Parent company Facebook must prevent the sharing of address data

Photo: ANP

Facebook parent company Meta Platforms must ensure that users of the platform cannot share address details or phone numbers of others. So says the company’s supervisory board, the Oversight Board. It is the first time that the council has expressed its opinion on this so-called doxing. Even if the private information is publicly available, it should not be shared.

Doxing can lead to harassment and stalking. For example, the home address of Harry Potter author JK Rowling was recently shared on Twitter via a photo. In the Netherlands, the home addresses of Minister Sigrid Kaag (Finance) and Hugo de Jonge (Living) were made public via social media. A man was recently sentenced to six months in prison for revealing Kaag’s address. De Jonge was previously given extra police security for his house.
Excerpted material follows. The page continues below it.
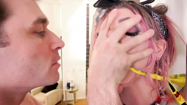 Description: Karma Rx is a tattooed beauty with massive tits and an incredible ass. She's the kind of girl who fucks with her Doc Martin boots on and everything else off. Today she finds herself very horny and tied up and gagged with yellow caution tape. That's when a young, hung stud with a big white cock finds her. She's ready for everything today. She wants a rough fuck in her tight little asshole and she wants it right now! When the shirtless stud finds her he immediately unties her, only to bend her over and begin using her holes. He licks her ass and then makes her choke and gag on his big cock through a metal railing. She gags so hard there are tears in her eyes and her makeup begins to run, but all she wants is more. He puts her on her back and goes straight for her asshole, stretching and pounding the little hole until it's wide open and gaping. He bends her over on all fours and takes her tight little asshole again from behind. He puts his foot on her head while his huge cock gives her the rough anal fucking she craves. Next he takes his cock out of her ass and puts it in her ass, making her taste the ass to mouth, before bending her over once more and plowing her asshole again. When she can't stand it anymore he sits on the couch and she lowers her ass down on his big white cock, riding his dick reverse cowgirl up her gaping asshole. Finally, he is ready to cum, he pounds her asshole over and over before cumming all over it in a hot white, sticky cumshot that glaizes her ass.
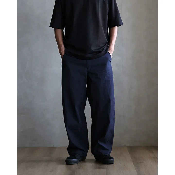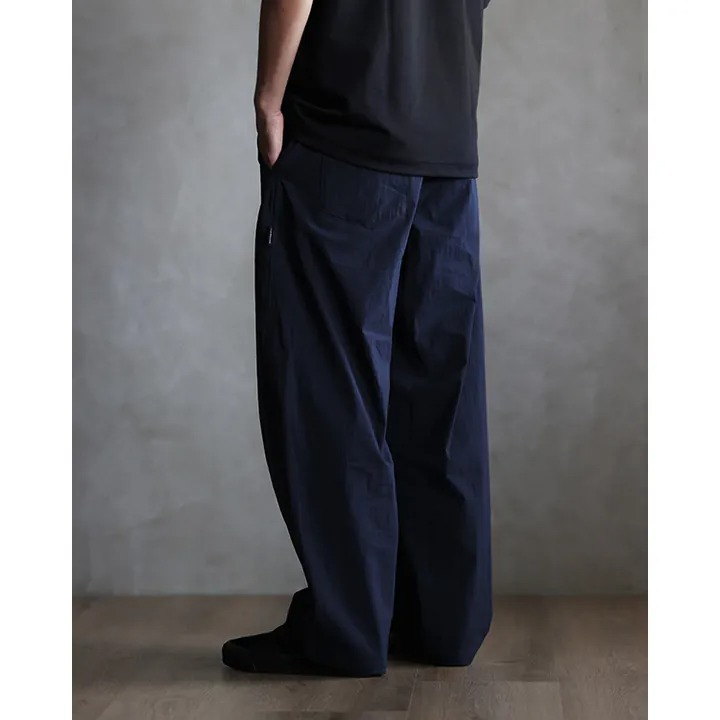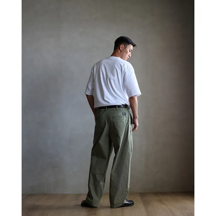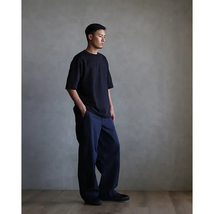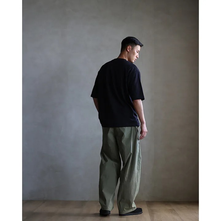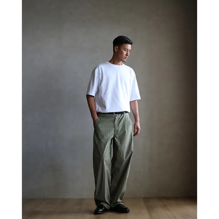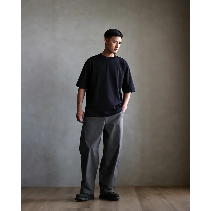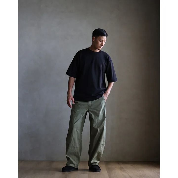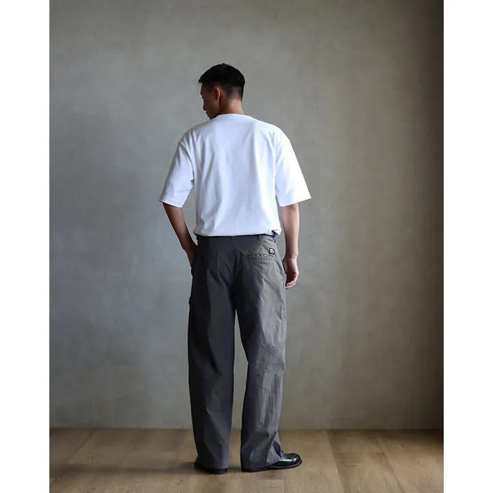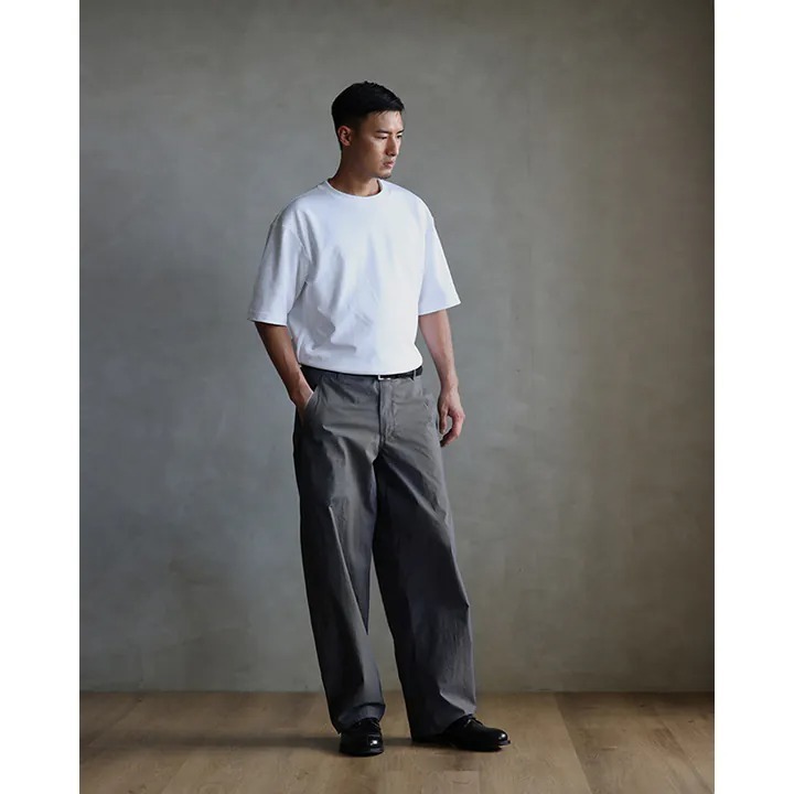 擷取刀型基礎輪廓,也帶入了些許軍裝視角細節,再以BS品牌簡約洗鍊的核心觀點,將褲腳兩側誇張外擴的弧度收斂簡化為更加適合日常的褲型輪廓。除了以全新簡約刀型褲的提案之外,也選用了非常適合夏季著用的起皺混紡涼感質材,並以鐵灰/深藍/淺軍綠三色推出,提供周間日常穿搭中輕鬆簡便的全新可能與​當代街裝輪廓 。

Last year, Meta already asked the council for advice when this private data may be posted on Facebook and Instagram, which the company also owns.

The council also believes that Meta should find a way so that victims whose home addresses have been shared on the platform can better explain their case to the company. Meta’s independent supervisory board includes scientists, human rights experts and lawyers. The Oversight Board was previously set up by Facebook as a kind of supreme court that must determine whether the social network applies its rules correctly.

Under current rules, users are not allowed to share information about themselves or others with which they can be identified, but Meta may allow messages such as posting someone’s address if it is considered “public information”.

The internal guidelines for Meta employees who monitor posts on the platform state that information is not private if it has been published by at least five news sources or if that information is publicly available. The council wants this exemption to be deleted and exceptions that are seen as newsworthy are applied consistently. Meta may also leave messages containing images of someone’s house if the house is the subject of a news story, but not if protests are organized against the resident for this.

Meta has 60 days to respond to the council’s ruling.